Popper: Nein, das kann es auch noch nicht. Wir gehen zwar aktuell davon aus, dass wir schon Vorgreifeffekte haben, dass also Menschen schon ihr Kontaktverhalten in der letzten Woche reduziert haben, die Diskussion war medial enorm laut und in aller Munde. Umgekehrt haben jetzt aber am Wochenende, das hat man hier in der Stadt gesehen, viele Menschen sozusagen das letzte Wochenende ausgenutzt. Wir werden uns bis Mitte der Woche einmal anschauen, wie es mit der Mobilität aussieht, die dürfte sich schon reduziert haben. Und dann werden wir mal schauen, ob wir das schon eben in den Positivtestungen sehen. Das größte Problem ist: Dort, wo Intensivbetten am Rande der Kapazitäten sind, dadurch hätten wir sicher erst in zwölf Tagen bis zwei Wochen sehen, das wird dann auch das Spannende sein, denn die Frage wird sich demnächst stellen, wie lange muss der Lockdown eben aufrecht erhalten werden. Denn das muss man immer sehen, das ist kein Modell, um eine Niedriginzidenz beizubehalten, da reicht es ja sozusagen, wenn man das Geschehen moderiert. Ein Lockdown mit den enormen Kosten macht nur dann Sinn, wenn man wirklich schnell und effektiv die Zahlen runterbringt – und das muss jetzt das Ziel sein.
Popper: Maßnahen müssen jetzt schnell wirken
Krauter: Wie kam es denn, dass die Regierung dann quasi innerhalb einer Woche ihre Maßnahmen noch mal so deutlich verschärft hat, vom Lockdown für Ungeimpfte jetzt zum Lockdown pauschal für drei Wochen ungefähr.

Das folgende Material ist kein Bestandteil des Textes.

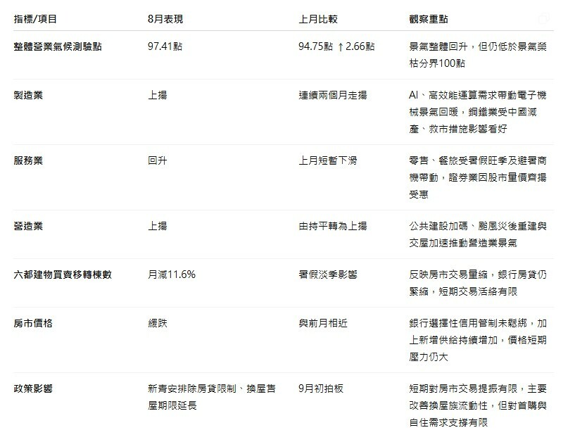 不過劉佩真提醒,房市短期仍受多重因素壓制,包括銀行房貸審慎態度、美國關稅及匯率影響、以及新增供給增加,交易量難有明顯起色,價格也可能呈緩跌態勢。2025年8月整體營業氣候測驗點上升至97.41點,比7月的94.75點上揚2.66點,顯示產業景氣雖有改善,但房市回暖仍需時間與政策配合。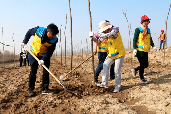 3月的新洋,春光旖旎,生机焕发。12日下午,150名志愿者分别集结新北生产区6大队和7大队防风林带,仅40分钟就植下重阳木和水杉共3000棵,为“绿色生态新洋”描绘出浓墨重彩的一笔。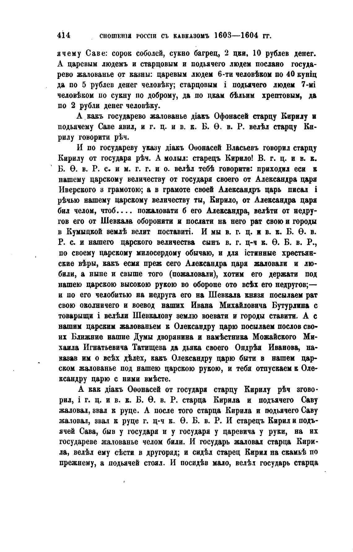 подьячему Саве явил, и г. ц. и в. в. Б. е. в. Р. вейл старцу Ки-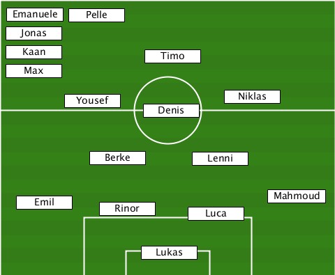 --Emanuele----------------------- --------Pelle-------------------- --Jonas-------------------------- --Kaan----------Timo-------------- --Max---------------------------- --------Yousef--Denis----Niklas---- ----------Berke------Lenni-------- ---Emil-----Rinor----Luca-----Mahmoud ---------------Lukas-------------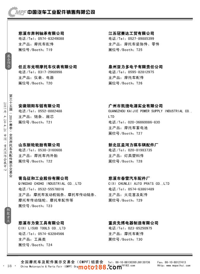 ”全國摩托車及配件展示會“(CMPF)是中國摩托車行業的傳統盛會,自1981年至今已成功舉辦了67季次(每年春、秋季各舉辦一次),現已發展成為行業內規模最大、專業觀眾最多、影響最廣泛、參展商最有收獲的全國性品牌展會。CMPF展會聚集了全國大部分摩托車配件生產企業與流通企業,是產需雙方進行貿易洽談、新產品技術推廣與交流的理想服務平臺。

Popper: Na ja, ich bin jetzt kein Experte, aber grundsätzlich, glaube ich, war der Lockdown für Ungeimpfte eben der Anspruch von gewissen politischen Kräften, die quasi gesagt haben, ihr lieben Geimpften, wir werden euch nicht mehr behelligen. Aus wissenschaftlicher Sicht musste man eingestehen und sagen, wir können schlicht nicht sagen, wie gut ein Lockdown für Ungeimpfte funktioniert, weil die Bereitschaft der Menschen mitzumachen, vermuteterweise niedrig ist – gerade bei dieser Personengruppe. Aber wir wissen es einfach nicht. Und ich glaube, grundsätzlich hat dann zu der Entscheidung geführt, dass wir eben nicht mehr die Zeit hatten zu warten, um quasi zu schauen, ob Maßnahmen nur für Ungeimpfte wirken. Jetzt ist man natürlich politisch gesehen in einer sehr schwierigen Lage, weil eben diese Versprechen, dass die Geimpften sozusagen aus dem Schneider sind, nicht gehalten werden konnten. Zu hoffen ist jetzt im Sinne der Allgemeinheit, dass die Maßnahmen jetzt schnell wirken, dass wir jetzt schnell runterkommen, dass wir dann im Laufe des Dezembers wieder zu einer Normalität kommen, das, glaube ich, wünschen sich Geimpfte und Ungeimpfte gleichermaßen.
Krauter: Die 7-Tages-Inzidenz war ja in Österreich inzwischen auf über 1.000 gestiegen, also auch in der vergangenen Woche noch, von diesen schon genannten 800 – trotz des dann schon verhängten Lockdowns für Ungeimpfte. Insofern kann man wahrscheinlich schon nachvollziehen, dass die Regierung da nachgeschärft hat. Aber kommen wir noch mal auf dieses Versprechen, das der Bundeskanzler, Alexander Schallenberg, gegeben hat, zu sprechen. Er sagte, spätestens am 13. Dezember soll der heute begonnene Lockdown für Geimpfte wieder vorbei sein und man wieder zurück zur 2G-Regel kehren. Ist das nicht riskant, so etwas zu versprechen, wie realistisch ist es, dass das wirklich klappen wird, dass die Kuh bis dahin vom Eis ist?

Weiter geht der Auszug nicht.